For posterity, the patterns we examined and rejected as poor fits for a multi-client memory backend:

  • MEMORY.md always-loaded entrypoint with caps — their human-readable index of topic files. Our core_memory_blocks does the same job in a structured shape. Different surface, equivalent function; double-implementing would create two truths.
  • DreamTask forked-agent runtime — only works when one agent owns the memory directory and can fork a sub-agent against the same toolset. Doesn't generalize to a server with many concurrent clients, none of which "own" the corpus. Our consolidation is server-driven via run_consolidation_job + the autoDream-borrowed scheduling discipline; that's the right shape for our use case.
  • agentMemorySnapshot — single-agent warm-start. We track per-bank state in DB.
  • LLM-as-retrieval (Sonnet picks ≤5 from headers) — expensive per query, doesn't beat our BM25+vector+RRF at scale. Acceptable when query volume is low and the corpus is small (Claude Code's case); not when many agents share one backend.
  • Boundary-marker compaction semantics — caller-driven version is already supported by summarize_and_offload. Explicit boundary semantics are a UX layer the client should add, not the engine.

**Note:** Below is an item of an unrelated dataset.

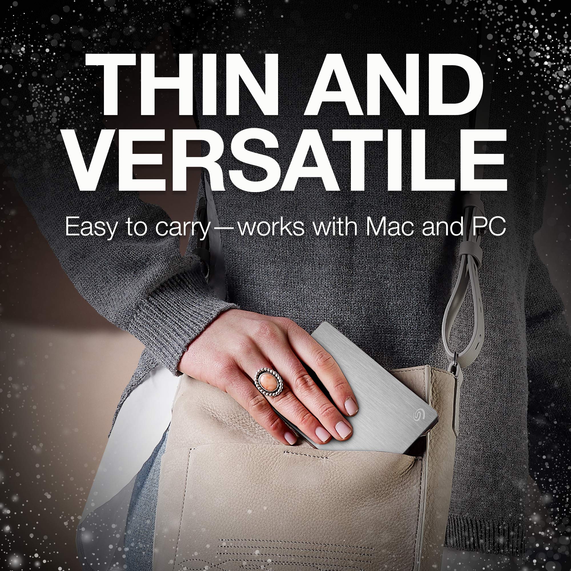 - Store and access 2tb of photos and files on the go with backup plus slim, a portable external hard drive

Earlier follow-ups (still open)

  • Feedback signal tuning — the tanh / 5 saturation and ±5% bound in apply_combined_scoring are conservative defaults. Once real-world feedback data is available, sweep these against held-out recall benchmarks.
  • Validate against real Postgres + vchord — none of the engine ports have been run against a live database in this session. Code compiles, signatures align, but the alembic migrations + retain/recall integration paths need a smoke test before we make confident retrieval-quality claims.